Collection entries
****************
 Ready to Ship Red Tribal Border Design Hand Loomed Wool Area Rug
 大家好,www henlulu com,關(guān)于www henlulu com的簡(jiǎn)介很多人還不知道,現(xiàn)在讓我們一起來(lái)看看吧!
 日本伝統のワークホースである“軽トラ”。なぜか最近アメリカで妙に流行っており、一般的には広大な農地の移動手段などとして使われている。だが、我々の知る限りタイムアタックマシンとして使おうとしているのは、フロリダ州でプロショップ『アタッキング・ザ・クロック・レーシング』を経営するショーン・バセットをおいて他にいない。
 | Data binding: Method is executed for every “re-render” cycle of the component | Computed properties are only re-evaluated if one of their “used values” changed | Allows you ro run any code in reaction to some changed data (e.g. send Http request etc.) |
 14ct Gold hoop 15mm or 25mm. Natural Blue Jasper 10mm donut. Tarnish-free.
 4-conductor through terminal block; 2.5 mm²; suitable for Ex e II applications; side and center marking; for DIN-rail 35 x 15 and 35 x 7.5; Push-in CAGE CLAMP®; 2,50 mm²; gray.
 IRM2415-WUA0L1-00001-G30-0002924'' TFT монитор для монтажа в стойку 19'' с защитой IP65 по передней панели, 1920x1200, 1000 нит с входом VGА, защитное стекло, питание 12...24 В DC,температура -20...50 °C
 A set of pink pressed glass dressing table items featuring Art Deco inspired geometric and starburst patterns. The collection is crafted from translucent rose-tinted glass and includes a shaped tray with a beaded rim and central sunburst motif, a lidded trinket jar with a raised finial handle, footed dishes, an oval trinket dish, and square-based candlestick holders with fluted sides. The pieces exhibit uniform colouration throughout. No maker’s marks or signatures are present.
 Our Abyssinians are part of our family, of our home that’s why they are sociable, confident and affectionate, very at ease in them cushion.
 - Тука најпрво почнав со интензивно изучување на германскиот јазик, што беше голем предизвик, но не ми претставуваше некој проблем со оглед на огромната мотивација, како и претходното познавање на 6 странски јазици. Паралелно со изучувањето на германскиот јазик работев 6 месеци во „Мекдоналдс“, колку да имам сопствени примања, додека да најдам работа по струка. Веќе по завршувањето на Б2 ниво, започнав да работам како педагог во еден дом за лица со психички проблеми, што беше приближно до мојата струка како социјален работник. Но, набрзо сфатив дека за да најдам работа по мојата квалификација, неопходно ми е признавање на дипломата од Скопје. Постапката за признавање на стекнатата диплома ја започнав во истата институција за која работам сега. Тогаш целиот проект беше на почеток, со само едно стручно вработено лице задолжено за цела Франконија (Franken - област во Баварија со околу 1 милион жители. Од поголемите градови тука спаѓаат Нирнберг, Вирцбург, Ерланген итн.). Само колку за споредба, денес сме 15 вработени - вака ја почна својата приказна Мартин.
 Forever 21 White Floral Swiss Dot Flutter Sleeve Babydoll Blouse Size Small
****************
*Exercise prompt*
Transcribe the records above from the line holding "Our Abyssinians are" down to the line holding "- Тука најпрво", inclusive, without adding anything.

*Exercise result*
 Our Abyssinians are part of our family, of our home that’s why they are sociable, confident and affectionate, very at ease in them cushion.
 - Тука најпрво почнав со интензивно изучување на германскиот јазик, што беше голем предизвик, но не ми претставуваше некој проблем со оглед на огромната мотивација, како и претходното познавање на 6 странски јазици. Паралелно со изучувањето на германскиот јазик работев 6 месеци во „Мекдоналдс“, колку да имам сопствени примања, додека да најдам работа по струка. Веќе по завршувањето на Б2 ниво, започнав да работам како педагог во еден дом за лица со психички проблеми, што беше приближно до мојата струка како социјален работник. Но, набрзо сфатив дека за да најдам работа по мојата квалификација, неопходно ми е признавање на дипломата од Скопје. Постапката за признавање на стекнатата диплома ја започнав во истата институција за која работам сега. Тогаш целиот проект беше на почеток, со само едно стручно вработено лице задолжено за цела Франконија (Franken - област во Баварија со околу 1 милион жители. Од поголемите градови тука спаѓаат Нирнберг, Вирцбург, Ерланген итн.). Само колку за споредба, денес сме 15 вработени - вака ја почна својата приказна Мартин.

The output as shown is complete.